Soon after installation, I was informed by Zonneplan that they expected me to consume about 1200 kWh more per year. Why? Because my battery is used for grid balancing:

  • Zonneplan charges the battery when there’s excess renewable energy on the grid (cheap times),
  • Then discharges it during peak demand (when energy is expensive).

It’s a smart system for the grid, but here’s the catch: 🔌 I’m the one absorbing the storage losses (~135 kWh so far) 💸 And I still pay taxes over that energy, even though I never actually “used” it myself.

That’s about 100 kWh/month of loss—energy lost purely through this trading mechanism.

My Solution: Solar Scaling

To compensate for these systemic losses, I decided to accelerate the installation of 4 additional solar panels on my shed.

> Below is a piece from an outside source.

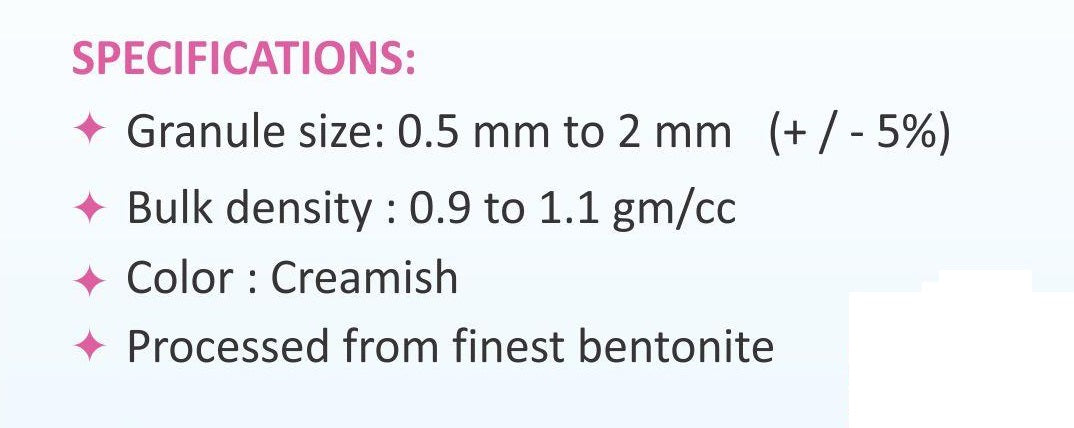 - Natural sodium bentonite clay - processed from selected argil for maximum performance

  • These new panels are expected to generate an extra 1706 kWh/year
  • This boosts my total solar output by about 65%
  • It helps offset:
    • Battery losses
    • Additional grid use for balancing
    • Future increased consumption

I also created a forecast model to project my net energy balance over the year. Here’s what it shows:

forecast

As of now, the forecast suggests I’ll end the year with a net surplus of around +260 kWh, staying above the breakeven line—even with battery inefficiency and grid trading.

What I’ve Learned

  1. Home batteries are powerful tools, but they are also used by third parties (like Zonneplan) to serve grid needs—often without a full breakdown of how the losses and costs affect the user.
  2. More solar panels = more control: By expanding my generation capacity, I can protect myself against energy losses and future cost increases.
  3. Modeling helps: Creating my own predictive chart made it clear how my system behaves over time and reassured me that my choices are sustainable.

Financial Outcome So Far As of today, the battery system has already generated €170 in compensation through grid balancing (selling back during peak demand). This income appears to offset the energy losses (135 kWh so far), which would otherwise lead to extra taxation or costs.

🔍 Projection: If this trend continues, the battery would generate approximately:

€170 / 1.5 months × 12 months = €1,360 per year (estimated)

That amount not only covers the storage loss (~100 kWh/month) but also suggests the extra grid usage will not result in additional taxes at year-end. Instead, the battery is financially self-sustaining — and possibly even profitable.

Final Thoughts

While I’m still adjusting to the fine print of battery-powered energy balancing, I’m confident that the steps I’ve taken—both in awareness and infrastructure—are leading me in the right direction. The energy future is not just about tech, but understanding where your power goes, and who benefits.